Only when the commission decides to initiate formal charges does a case become public.
Cheryl Fisher Custer, the commission’s executive director, said cases can take months because investigating a judge, usually an elected official, requires time and special care.
But months-long, top-secret investigations allow judges accused of misconduct to continue to rule on countless cases before action is taken.
The commission last week confirmed an ongoing investigation against Superior Court Judge Harry Doss. The probe has been rumored for months in the north Georgia circuit where he presides. Doss acknowledged the investigation and expressed frustration that the rules don’t allow him to discuss the details.
“I certainly have a great deal to say, but I’m just prohibited,” Doss said. “It’s been very difficult.”
While the details of the commission’s investigation of Doss are under wraps, local attorneys and residents who have appeared in his court complained in interviews with The Atlanta Journal-Constitution of incidents ranging from rudeness to a failure to rule on motions before him. Public filings contained accusations of bias.
The commission could file public charges or drop the case with no public notice.
Gov.

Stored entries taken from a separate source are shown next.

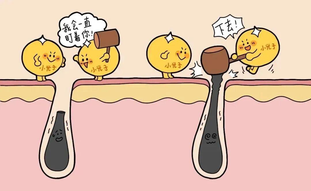 它是直接殺到毛囊的老巢,鎖定毛髮裏的黑色素,哐哐一頓輸出,帶着毛囊同歸於盡,卻又不傷到咱最外層的皮膚。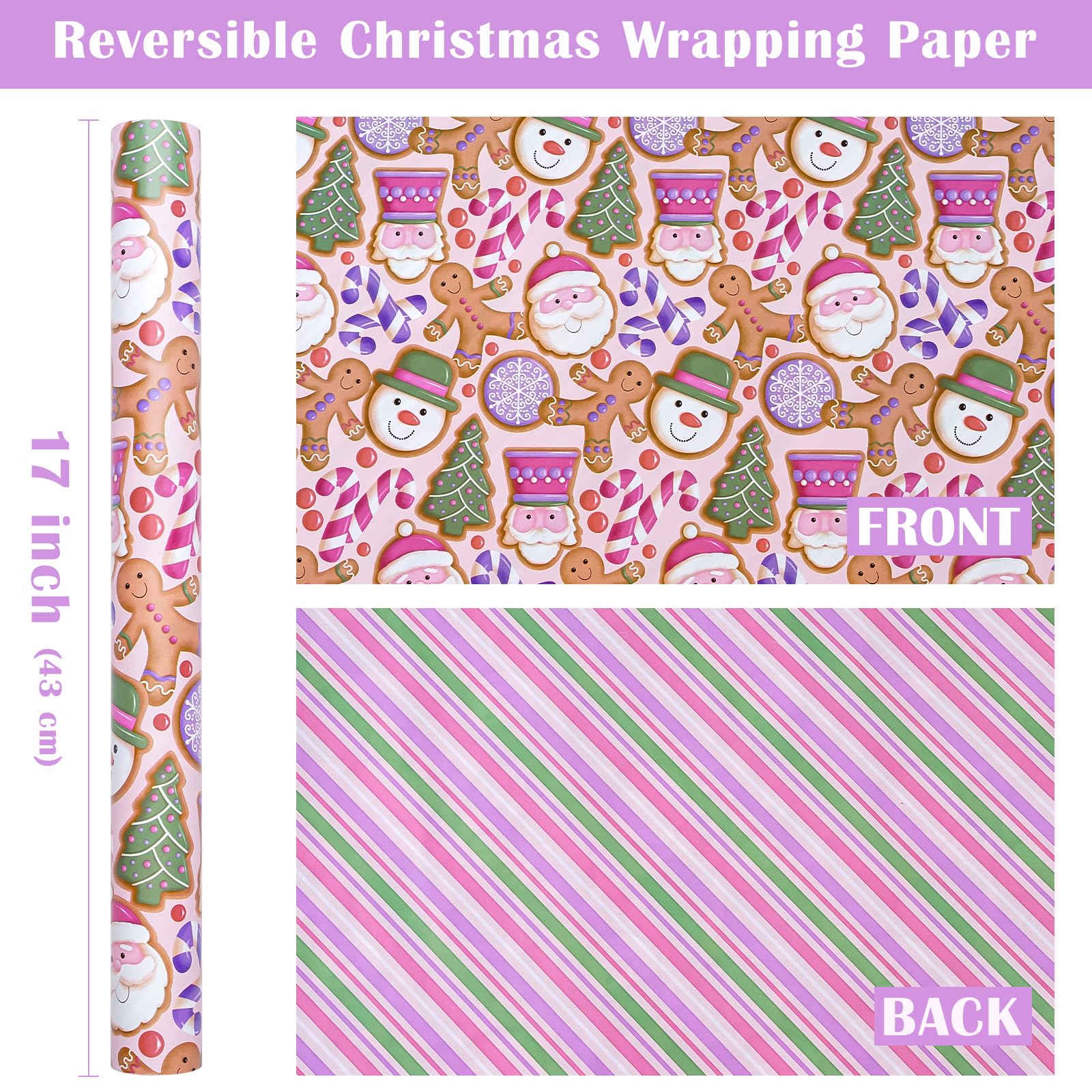 Reversible: Santa faced cookies, gingerbread men, snowmen, candy canes, and Christmas trees printed on one side; pink purple green diagonal stripes printed on the reverse. Two different designs make unique and varied gift presentations easy.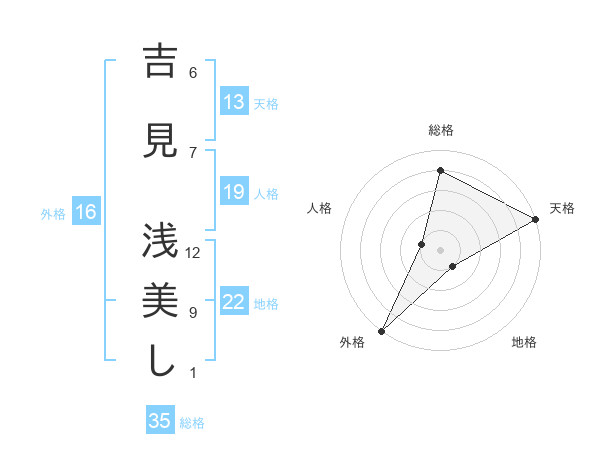 吉見 浅美しさんを姓名の画数から五運を鑑定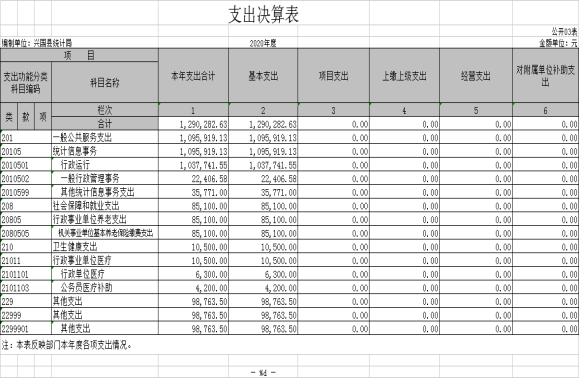 縣統計局部門2020年度單位決算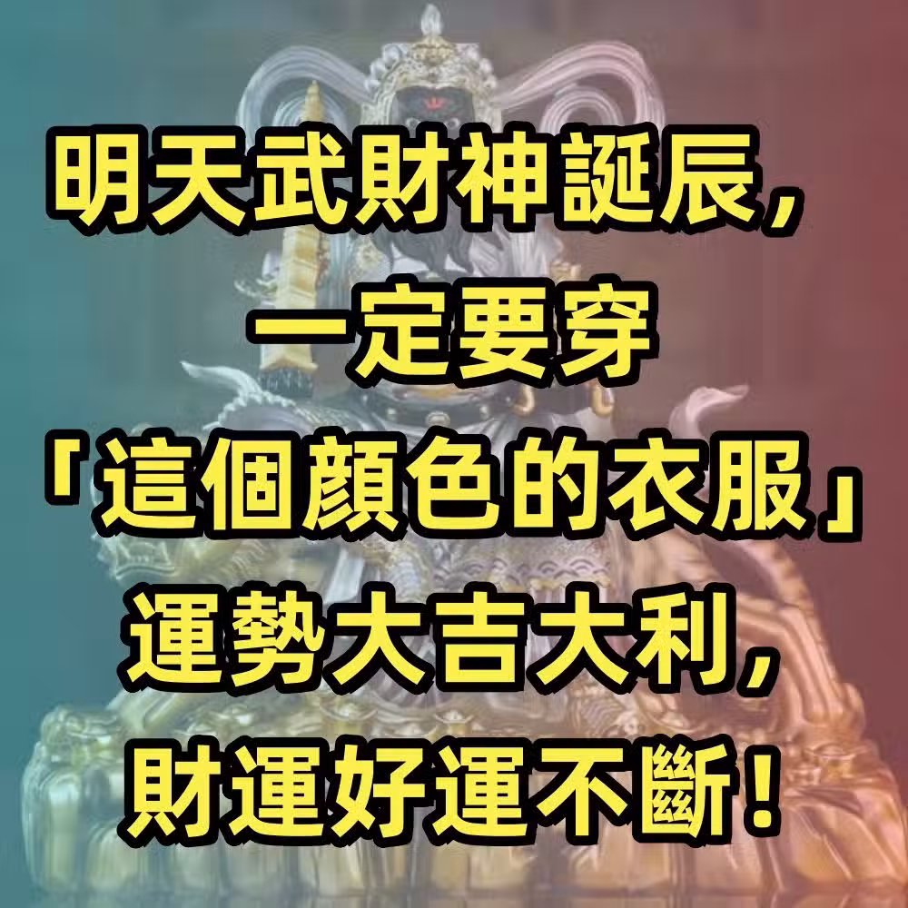 明天武財神誕辰,一定要穿「這個顏色的衣服」運勢大吉大利, 財運好運不斷!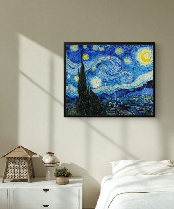 Luminous stars swirl above a sleeping world, evoking wonder and calm.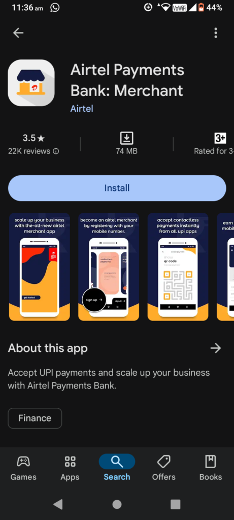 Airtel Payments Bank App ऐप में आप अपने मोबाइल नंबर का इस्तेमाल करके रजिस्टर कर सकते हैं और कुछ मिनट में ही एयरटेल मर्चेंट बन सकते हैं, जहां से आपको अपनी दुकान अथवा व्यवसाय के लिए एक कस्टमाइज QR Code मिल जाएगा, जिससे आप 140+ UPI Apps से पेमेंट प्राप्त कर सकते हैं और मोबाइल तथा प्रीपेड रिचार्ज कर सकते हैं। आपको प्रत्येक ट्रांजैक्शन पर पैसे मिलेंगे, जिन पैसों को आप अपने अकाउंट में ट्रांसफर कर सकते हैं।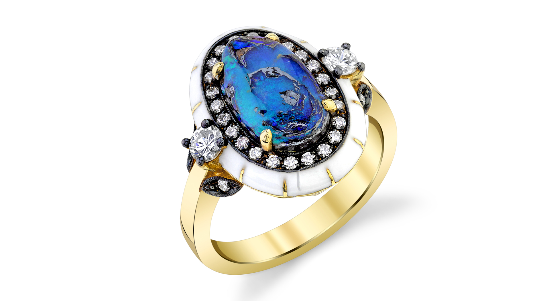 Lord Jewelry 18-karat yellow gold ring with 3.2-carat opal, 0.49 carats of diamonds, and enamel (price upon request)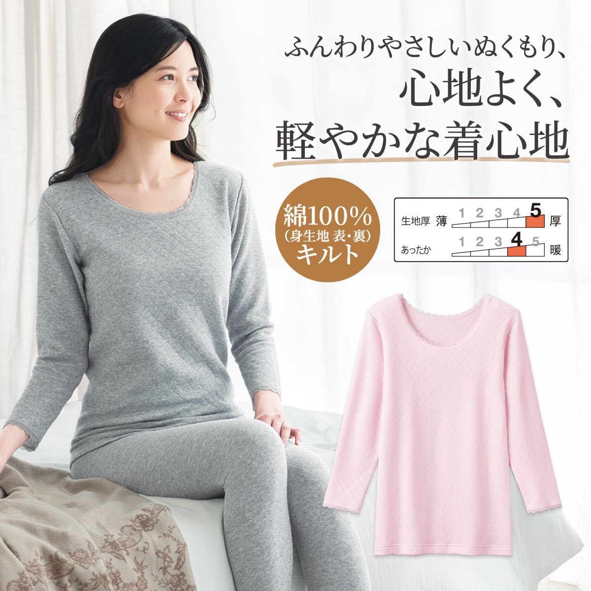 ふんわりやさしいぬくもり表裏綿100%キルト8分袖インナー
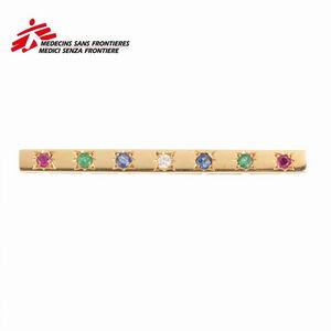 SPILLA A BARRETTA CON PIETRE DI COLORE E DIAMANTI in oro giallo 18kt, impreziosita da zaffiri, rubini, smeraldi [..]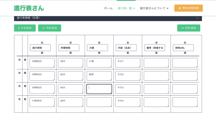 エクセルをカスタマイズして作るのはちょっと手間、もっと手軽で簡単に進行表を作れるテンプレートがあれば……。そんな声を受け、4月5日を「進行の日」とかけて、カンタン作成ツール「進行表さん」のベータ版がリリースされました。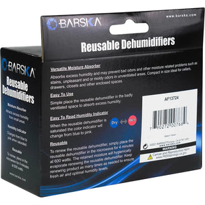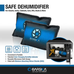 CLICK HERE to watch our video on “What to Do When Your Safe Arrives.”Protect your valuables from the damaging effects of excess moisture with the Barska AF12500 Reusable Safe Dehumidifier. Designed for smart, efficient performance, these compact dehumidifiers are an essential accessory for any safe, closet, or enclosed storage space. Each unit actively absorbs moisture to help prevent mold, mildew, corrosion, and degradation, making it ideal for preserving sensitive items like photographs, electronics, firearms, ammunition, currency, and documents.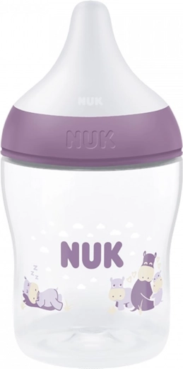 A NUK Perfect Match üveget úgy tervezték, hogy a lehető legjobban hasonlítson a szoptatáshoz. A NUK‑ra jellemző formájú cumi az anya mellbimbóját idézi, széles ajaktámaszt biztosít, valamint elegendő teret a természetes szopómozgásokhoz a nyelv és az állkapcsok számára. Átgondolt kialakításának köszönhetően a baba nem érintkezik kemény műanyag részekkel.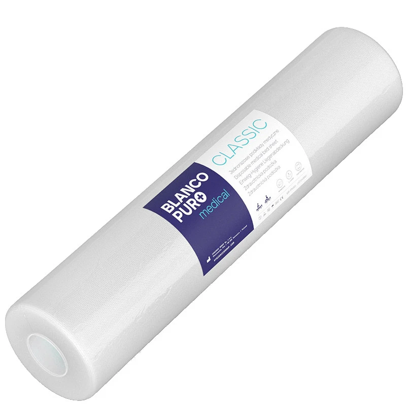 Biały, jednorazowy podkład medyczny BLANCO PURO medical CLASSIC stanowi wyrób medyczny. Ma na celu izolację pacjenta od potencjalnych zakażeń około zabiegowych na powierzchni kozetek lekarskich, stołów masażu leczniczego i fizjoterapeutycznych w przychodniach lekarskich, gabinetach fizjoterapeutycznych i kosmetycznych. Rozmiar 60cm x 50m, perforacja co 39cm. Surowiec: włóknina fizelina 14g/m2.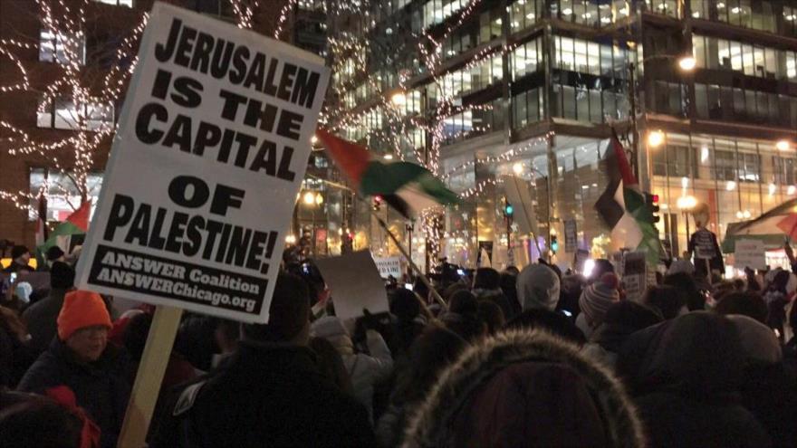 Los indignados manifestantes se congregaron el jueves en la Plaza Federal de la ciudad norteamericana de Chicago (estado de Illinois) con banderas palestinas, mientras gritaban ‘¡Palestina libre!’ y denunciaban el traslado de la embajada de EE.UU. a la ciudad de Al-Quds (Jerusalén).

Sonny Perdue appointed Doss in 2005 to the Superior Court in the Appalachian Judicial Circuit, which serves Fannin, Gilmer and Pickens counties.
Doss acknowledges he has a strong personality and strong opinions. But he said he is deliberate and fair on the bench. “As a judge, I am quite open-minded,” he said.
Rick Wilcox, a retired member of the Georgia State Patrol, sees Judge Doss in a different light. Wilcox and his wife, Sherry, were sued by a builder they had worked with. The couple counter-sued and alleged fraud.
Wilcox said during 25 years in law enforcement he never encountered a judge like Doss.
“When the jury was sent out of the room, Doss went off like an atomic bomb,” he said. “I had never seen a grown man pitch a fit like a child. He was throwing pens and papers. He got off the bench and came up to the rail and acted like he was going to rip our heads off.”
The jury ordered the builder involved in the dispute to pay Wilcox and his wife $200,000 in restitution, $450,000 in punitive damages, plus attorney fees. Wilcox and his wife have yet to collect any money awarded in the 2007 verdict and they say because of Doss, they worry they never will.
Doss waited 13 months to rule on a post-trial motion to reduce the punitive damage award and 21 months to rule on a motion for a new trial, according to Fannin County court records. The case is now being appealed.
Wilcox believes the builder lost most of his assets while Doss delayed the case. Meanwhile, Wilcox incurred almost $50,000 in legal fees. “One person with a gavel can make you wonder — does justice for all still exist?” Wilcox said.
Doss said he could not discuss specifics, but acknowledged he has taken a long time to rule in some cases.
“I was a colonel in the Army. I don’t have trouble making a decision,” Doss said. “But sometimes it requires a great deal of research and study.”
Doss earned praise from some local attorneys. “We find him to be fair, to demonstrate genuine concern for our clients and to be able to convey that concern to the clients,” said Michael Parham, the Appalachian circuit’s public defender.
Norman Underwood, a high-profile Atlanta attorney who is representing Doss, refused to comment on the investigation because of commission rules. But he said the area where Doss presides is intensely polarized politically. “The political campaign just never ended and people have been taking shots at Judge Doss throughout his service on the bench,” Underwood said.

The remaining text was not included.